The NSW Small Business Commission has statutory powers to investigate unfair conduct involving small business. Independent contractors come within the ambit of small business and so George directed his enquiry to them. He was advised to compile an account of what had happened and state the grounds for why he believed he had a case against the company and what he thought would resolve the matter.
After reviewing George’s material, the Commissioner’s staff advised that he did have grounds and that they could act as a mediator to resolve the dispute.
The Commission contacted the recruitment firm to request that they attend mediation. Although not compulsory, if a party does refuses or does not attend, then if the matter goes down the path of subsequent legal action, the courts will take a very dim view and order mediation at the party’s expense. The Commissioner also has power to refer the matter to court.
The recruitment firm agreed to participate but then subsequently rang George to berate him for involving them. In the recruitment company’s view they had done nothing and it was their client that was at fault. This is also a typical ploy in contracting where one party blames the other in order to claim vindication. The recruitment company argued that it did not have the time for such a trivial matter and that George should simply cop it and walk away. Of course this meant George would lose several thousand dollars in income.

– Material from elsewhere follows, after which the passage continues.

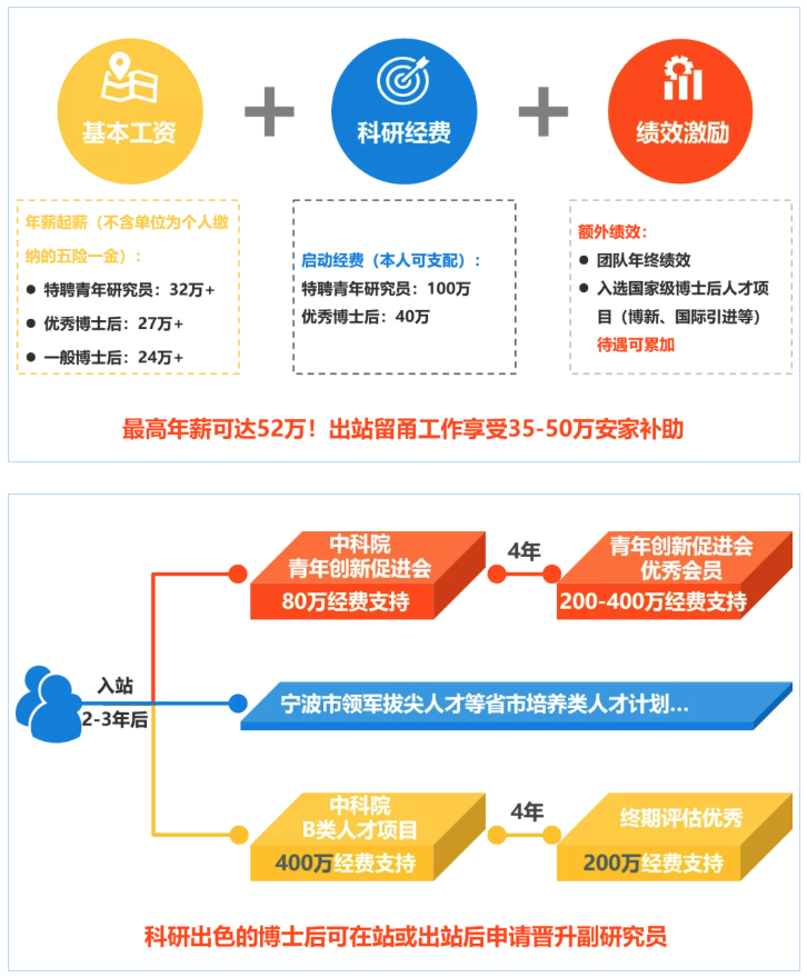 在站期间,鼓励博士后申请国家自然科学基金、中国博士后科学基金、浙江省/宁波市自然科学基金等;宁波市对于获得的中国或浙江省博士后科学基金提供1:1的经费配套;鼓励申请国家、中科院、浙江省、宁波市的各类人才计划。

George made representations to the company that had terminated his contract and sought to involve them in the mediation. The mediation session was set down at a location convenient to both parties and George was requested to prepare his case. The same advice was given to the recruitment firm.

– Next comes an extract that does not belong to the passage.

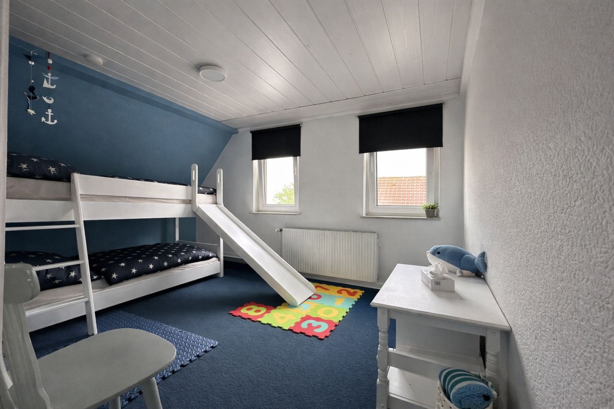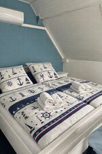 Im Obergeschoss befinden sich 3 liebevoll eingerichtete Schlafzimmer. Es gibt ein Schlafzimmer mit Doppelbett, Kinderreisebett, Wickelkommode und Smart-TV, ein Schlafzimmer mit zwei Einzelbetten und ein Schlafzimmer mit einem Doppeletagenbett und Rutsche. Das "Elternschlafzimmer" sowie das Wohnzimmer ist zudem mit einer Klimaanlage ausgerüstet.

George was then sent a letter from a Sydney law firm with the partner of that firm advising George that he had no grounds and that his client was not responsible for any loss. George was given this advice by a qualified specialist in employment law. George disagreed, yet the letters from the lawyer kept coming. A week later George was contacted by the recruitment company and told that they would pay his invoice for the final week of his contract. They paid.
Although this resulted in a positive outcome for George it involved him in a lengthy and protracted campaign to recover one week’s income. The company terminating his engagement sought only to save themselves the cost of George’s services. In the end the recruitment firm paid simply because it was more cost-effective to pay George than turn up at a mediation session.
Without the availability of the NSW Small Business Commissioner George would have faced a large Sydney law firm and had to engage his own lawyer at significant cost. His action could have lasted more than a year and even if he did win, he would not receive all his costs. Companies and recruitment firms rely on this legal intimidation to push contractors to back down and go away.
George recovered his one week’s income but he also faced being out of work as he had relied on the representations that the company was going to engage him for a further three months.
We really have to wonder about the ethical integrity of recruitment firms and companies that see people only in terms of cost and have little or no regard for the consequences of their actions. But now with the Small Business Commissioner’s dispute-resolution powers small business people have a fair, cheap and quick process ‘on their side’.